Below, locate the line that contains "Зеркальные лабиринты и". Repeat exactly from that line to the line that contains "Bucatini cacio e", inclusive, leaving out the pictures.

Records from a collection:
*****

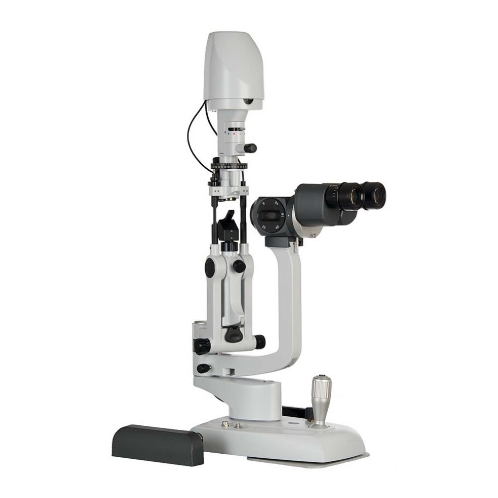 Die Spaltlampe SL-99K in klassischer H-Typ Ausführung ist das Nachfolgermodell der erfolgreichen „bon SL-75“. Sie bietet eine helle LED-Beleuchtung und 5 Vergrößerungen von 6x bis 40x. Die Ausführung mit Beleuchtung von oben erlaubt eine horizontale Neigung des Spalts um bis zu 20° (Spaltentkopplung). Die Helligkeitsregelung erfolgt direkt an der Gerätebasis. Die Spaltlampe ist mit einem Joystickauslöser und einer R/L Erkennung in der Gerätebasis vorbereitet zur Aufnahme eines Kameramoduls.
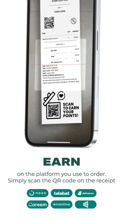 You can even collect points through orders placed with our partners. Simply scan the QR code on your receipt and your cashback points will be added to your account.
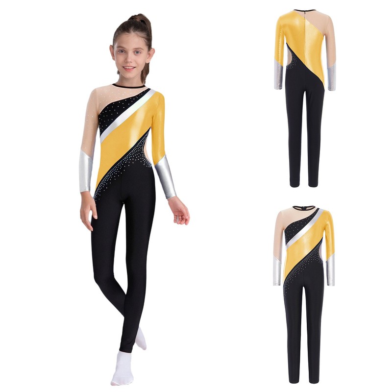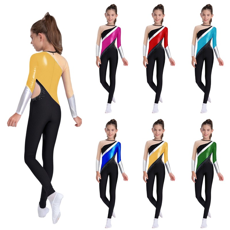 The metallic color-block design is trendy and eye-catching, making the girls stand out in any performance or competition.
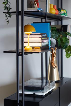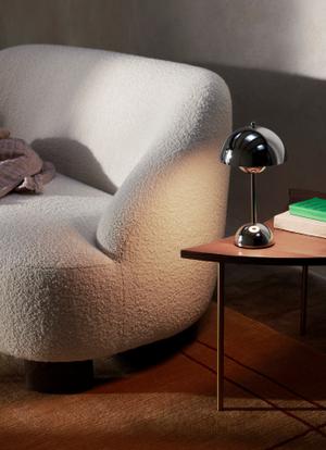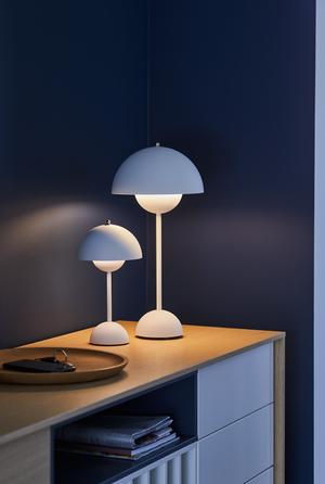 Etwas keiner als die Tischlampenversion und bewusst leichtgewichtig, ist die tragbare VP9 mit einem USB-Ladekabel ausgestattet. Die Akkuleuchte ist in einer großen Auswahl an zeitgenössischen Farben erhältlich und schafft eine gemütliche Atmosphäre in Innen- und Außenbereichen.
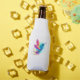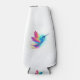 Bright, iridescent, exotic flying hummingbird on white background, painted over with multicolor, watercolor paint. Rainbow hummingbird.
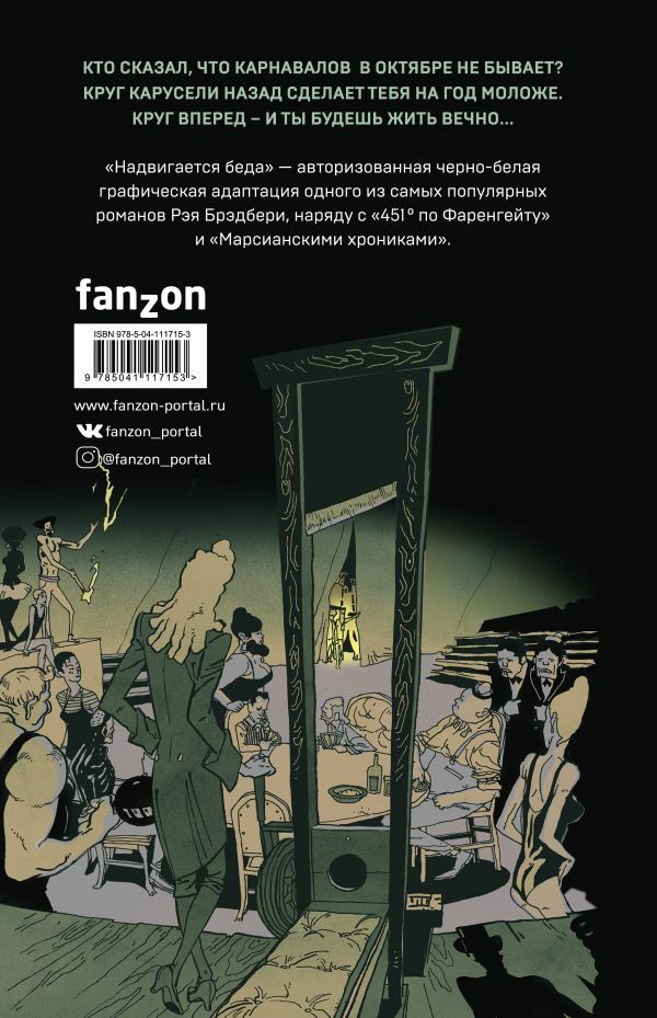 Зеркальные лабиринты и плачущие училки, потерянные саквояжи и пропавшие продавцы, танцующие татуировки и сломанные карусели… Здесь оживают детские страхи. И самые безумные, несбыточные мечты. Может быть, карнавал питается ядом горчайших сожалений и злом наших грехов. Но его никак нельзя пропустить. "Надвигается беда" — авторизованная черно-белая графическая адаптация одного из самых популярных романов Рэя Брэдбери, наряду с "451 градус по Фаренгейту" и "Марсианские хроники".
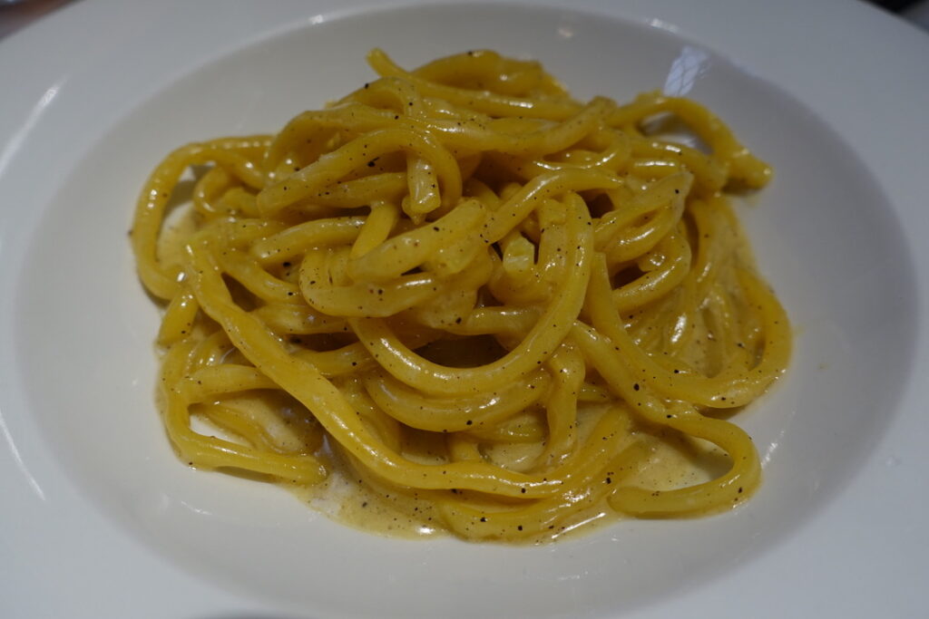 Bucatini cacio e pepe £9 – literally means pepper and cheese, the latter a semi-soft variety made with sheep’s milk that cloaks the bucatini, a hollow-centred spaghetti that gets stuck in your teeth – all the things I like.
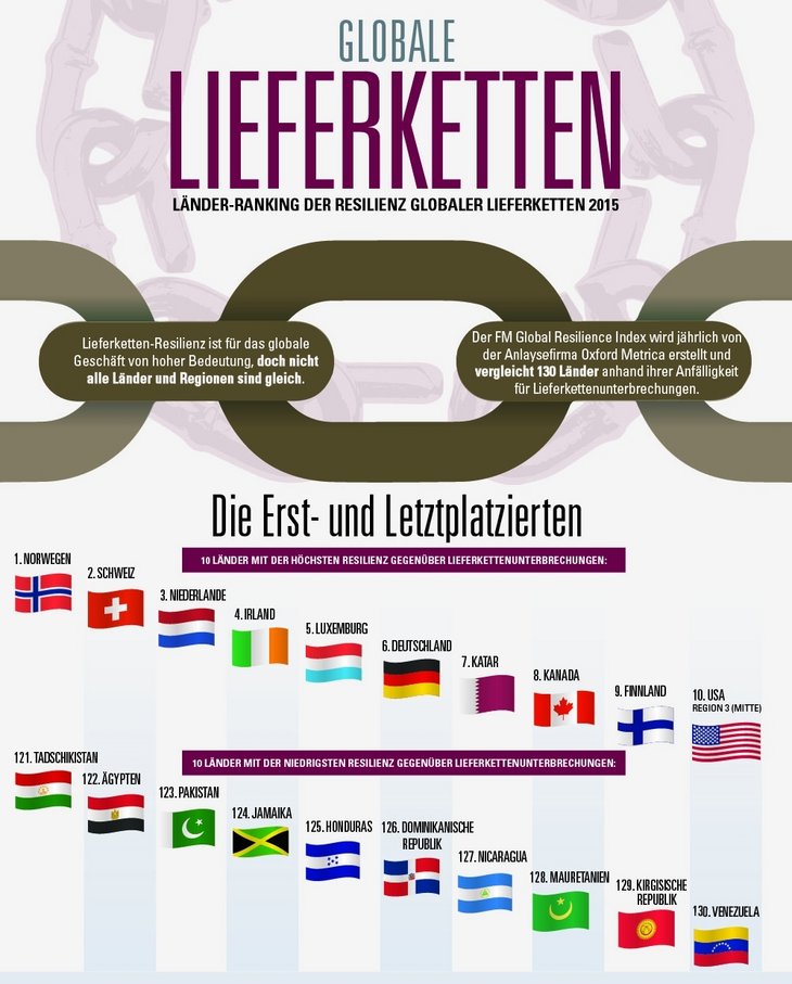 Der FM Global Resilience Index bietet diesbezüglich eine erste Orientierung. Es ist das erste interaktive Online-Tool seiner Art, das 130 Länder anhand ihrer Anfälligkeit für Lieferkettenunterbrechungen vergleicht und damit Entscheidern als Hilfsmittel und Diskussionsgrundlage für die Konzeption und Planung ihrer globalen Lieferkette dient. Für den Index werden neun Treiber, die sich auf die Resilienz von Lieferketten auswirken, zu drei Faktoren zusammengefasst: Wirtschaft, Risikoqualität und die Lieferkette selbst.
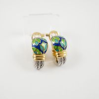 Demi-parure FRED Paris « Force 10 » en acier et or 750 mil. à motifs émaillés bleu et vert, composée d’un collier semi-rigide (fermoir à glissière invisible) et d’une paire de clips d’oreilles, signés (longueur : 40 cm environ) (hauteur : 1,9 cm environ). 51,6 g. brut
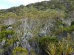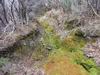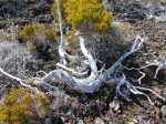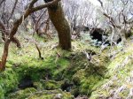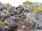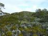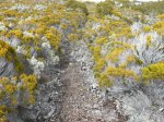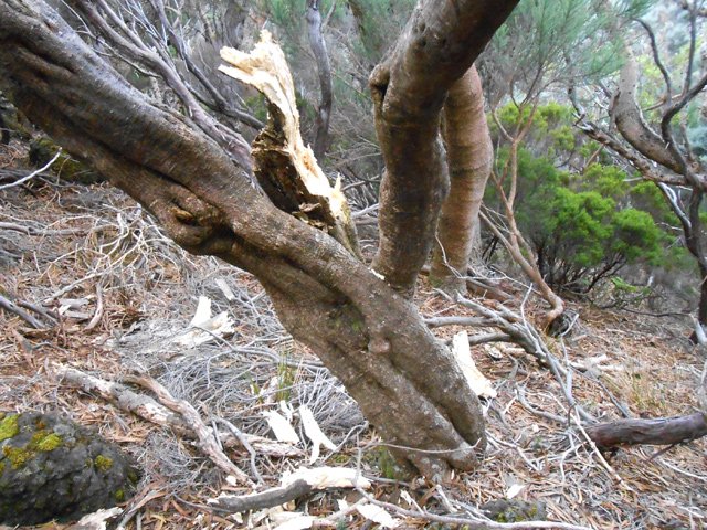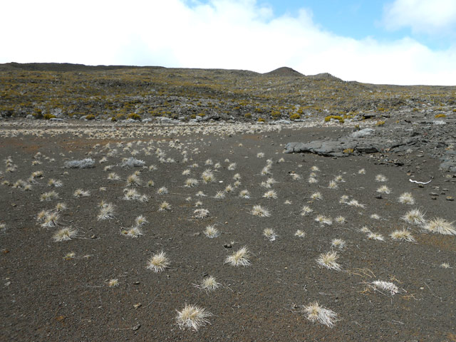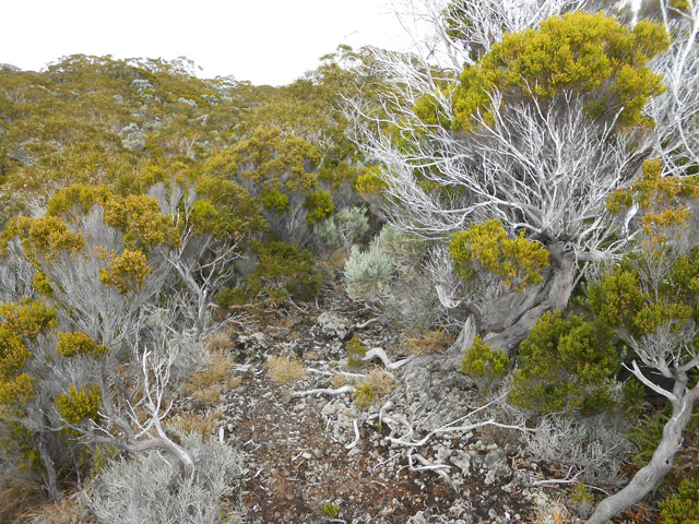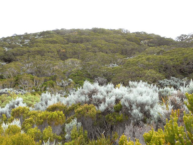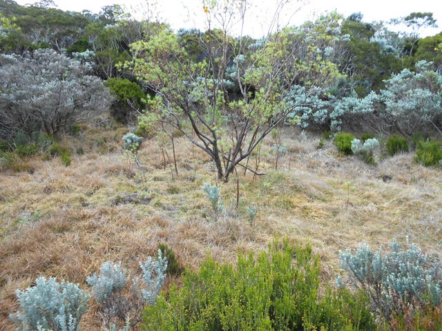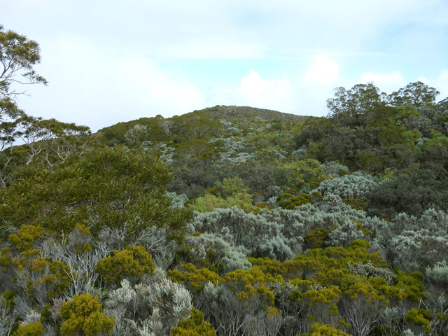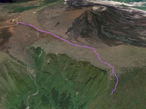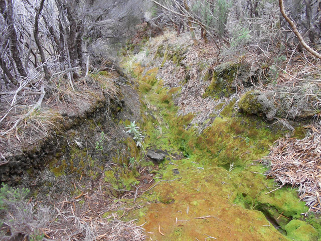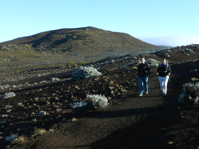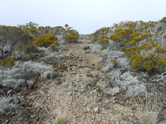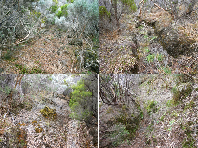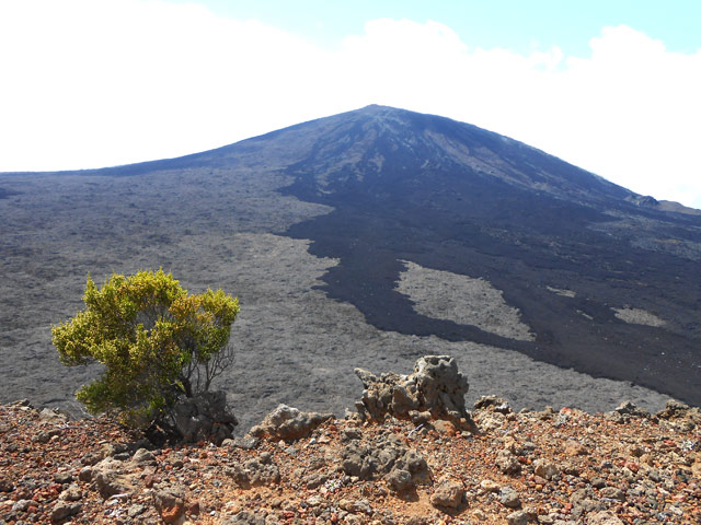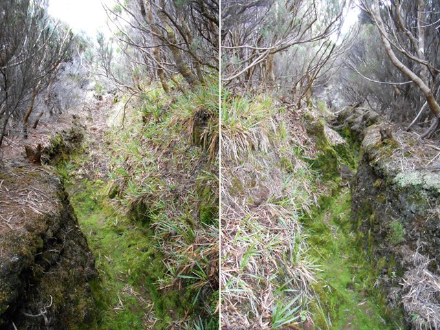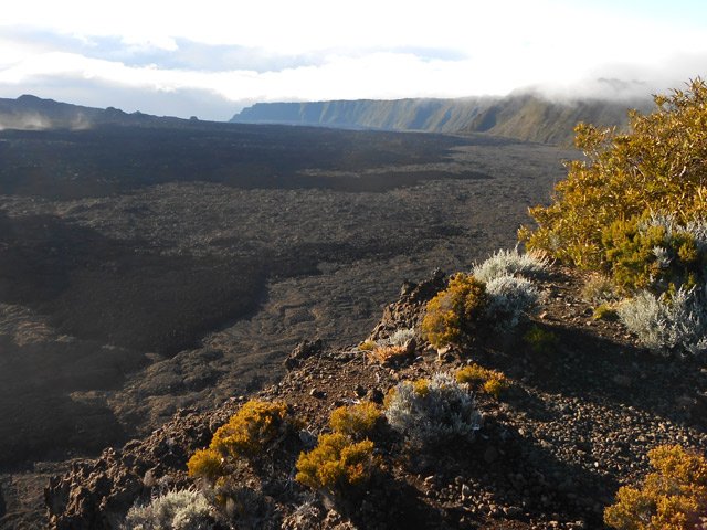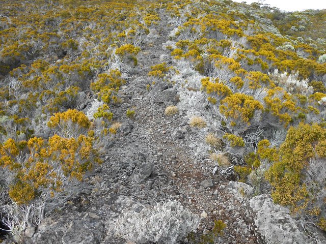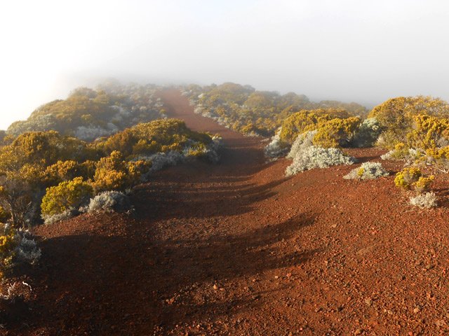 La randonnée débute le long de la route forestière du Volcan et ses milliers d'ornières, au grand parking du point de départ du GRR2 en direction du gîte de Basse Vallée. Le sentier démarre sur des plaques de basalte et devient sableux par endroits. Il passe au plus près de la Grotte du Chisny puis d'un oratoire dédié à la Vierge fait de dalles de lave empilées. La pente est très faible dans la descente qui part vers le Piton Rouge et le sentier très large. Une piste longe le sentier et l'on peut choisir l'un ou l'autre itinéraire, s'il n'y a pas de vététistes. Le sentier est toujours agréable dans sa végétation rase (Photo 1). On rencontre tour à tour du sable, de la terre, des cailloux qui roulent sous les pieds, de l'herbe, des plaques de basalte, sans jamais rencontrer de difficulté. On se rapproche tranquillement du Piton Rouge en moins d'une demi-heure (Photo 2). Il porte bien son nom, surtout en fonction de l'ensoleillement qui fait ressortir les teintes chaudes de ses flancs. Il est plus rouge avec le soleil couchant qu'après le lever où il paraît plus gris. Guetter les arcs-en-ciel blancs si une brume légère stagne au-dessus du sol au moment où le soleil monte (voir § ci-dessous). Le rempart est désormais très proche et il est impossible de s'égarer car le sentier le suit au plus près sans pour autant le longer de trop près, ce qui pourrait s'avérer dangereux par brouillard (Photo 3). On bénéficie, à partir de là, de superbes points de vue sur la Fournaise (Photo 4). De petites senties permettent de s'approcher au plus près du rempart abrupt et dangereux (Photo 5). La végétation a du mal à grandir mais devient de plus en plus touffue. Prendre, au premier croisement à droite en direction de Jacques Payet, le sentier qui démarre aux panneaux et poteaux de l'ONF. Il est plus caillouteux que le précédent, plus étroit aussi et très mal balisé (Photo 7). Il vaut mieux ne pas y passer par fort brouillard car les discrètes balises blanches sont très espacées. On alterne plaques basaltiques et marches hautes pierreuses séparées par des parties sableuses ou caillouteuses, le tout bordé de racines blanchies par le soleil (Photo 8). La végétation dépasse rarement les 80 cm. Ralentir au passage d'une ravine aux trous souvent remplis d'eau et qui se prolonge par un canyon de 3 ou 4 m de haut et de large car la bifurcation approche. Plus loin, on longe une minuscule ravine en empruntant parfois le fond à sec. C'est là, sur la droite, que débute le sentier oublié. Les 300 premiers mètres ne changent presque pas en comparaison de ce qui vient d'être fait même si le passage est plus étroit (Photo 9). La végétation grandit doucement et le sentier est facile à suivre. On retrouve les mêmes racines ou branles morts qui laissent leur squelette vieillir au soleil (Photo 10). Devant, la petite colline affiche une bonne idée de la végétation de cette zone où tout pousse mieux que plus haut (Photo 11). Plus on descend, plus le sentier devient étroit mais reste facile à deviner en se penchant si nécessaire pour le repérer sous les brandes (Photo 12). Une hésitation est possible près d'une minuscule clairière où trône un bout de tuyau en ciment composite, vestige sans doute de travaux non finis à l'époque. Il ne faut pas voir ce tuyau (c'est qu'on est allé trop loin) et rester au plus près de la trace, mi sentier, mi ravine caillouteuse, le tout recouvert de végétation (Photo 13). On rencontre même des touffes de calumets qui ont du mal à grandir mais offrent de belles tâches de verdure (Photo 14). On rencontre ça et là quelques troncs pourrissants creusés au coupe-coupe pour en extraire les zendettesLarves de capricornes très consommées sur l'île, crues ou cuites., signe que des gens passent ici au moins pour venir chercher un peu de nourriture (Photo 15) ! Durant près de 100 mètres, c'est le GPS qui est le maître et il faut lui faire confiance, à condition que la trace de l'appareil sur les 6 km précédents épouse au plus près le trait rouge de la carte. Si ce n'est pas le cas, conserver le même écart en parallèle. Une fois ces 100 m effectués, avec ou sans inquiétude, on parvient à une ravine encaissée dotée de deux belles grottes (Photo 16). Le sentier reprend, très large et de bonne qualité malgré le manque de fréquentation (Photo 17). On emploie des bribes de sentier de l'époque, bien marquées, profondes et bordées de branles (Photo 18). Il longe ou utilise un fond de petite ravine, passe près de zones rocheuses entre deux autres ravines (Photo 19). Ne pas manquer dans cet environnement très sauvage les grottes bordées de tamarins (Photo 20) ou le sol moussu d'un très beau vert (Photo 21). Les petites clairières permettent de souffler mais attention pour retrouver la suite du sentier (Photo 23). Prendre à gauche à ce qui semble être la fin du sentier et descendre dans la ravine de gauche par la sente des braconniers. Le sol, couvert d'herbe, est plat. La grotte, de plusieurs mètres de large peut abriter une demi-douzaine de personnes dans un endroit silencieux que même les merles ont déserté (Photo 27). L'endroit est idéal pour un ermite très sportif en mal de méditation ! Si on regarde la trace en pointillés noirs sur la carte on voit que le sentier se poursuit vers l'ouest mais il est trop difficile à repérer. Tant pis pour le panorama sur Grand Pays ! On retrouve au retour les mêmes difficultés qu'en venant, la pente positive en plus. Attention : En raison des risque d'égarement, ne pas partir sans tenir compte des conseils suivants : vérifier les piles du GPS, ne pas partir par fort brouillard, ne pas descendre seul les derniers 1500 mètres, prévoir des manches longues, de la boisson et de la nourriture. Repérer la ravine à quelques mètres au nord de la trace : en cas de doute, il vaut mieux suivre la ravine que de se griffer dans la haute végétati

*****

**ANSWER TO THIS TASK**
 Зеркальные лабиринты и плачущие училки, потерянные саквояжи и пропавшие продавцы, танцующие татуировки и сломанные карусели… Здесь оживают детские страхи. И самые безумные, несбыточные мечты. Может быть, карнавал питается ядом горчайших сожалений и злом наших грехов. Но его никак нельзя пропустить. "Надвигается беда" — авторизованная черно-белая графическая адаптация одного из самых популярных романов Рэя Брэдбери, наряду с "451 градус по Фаренгейту" и "Марсианские хроники".
 Bucatini cacio e pepe £9 – literally means pepper and cheese, the latter a semi-soft variety made with sheep’s milk that cloaks the bucatini, a hollow-centred spaghetti that gets stuck in your teeth – all the things I like.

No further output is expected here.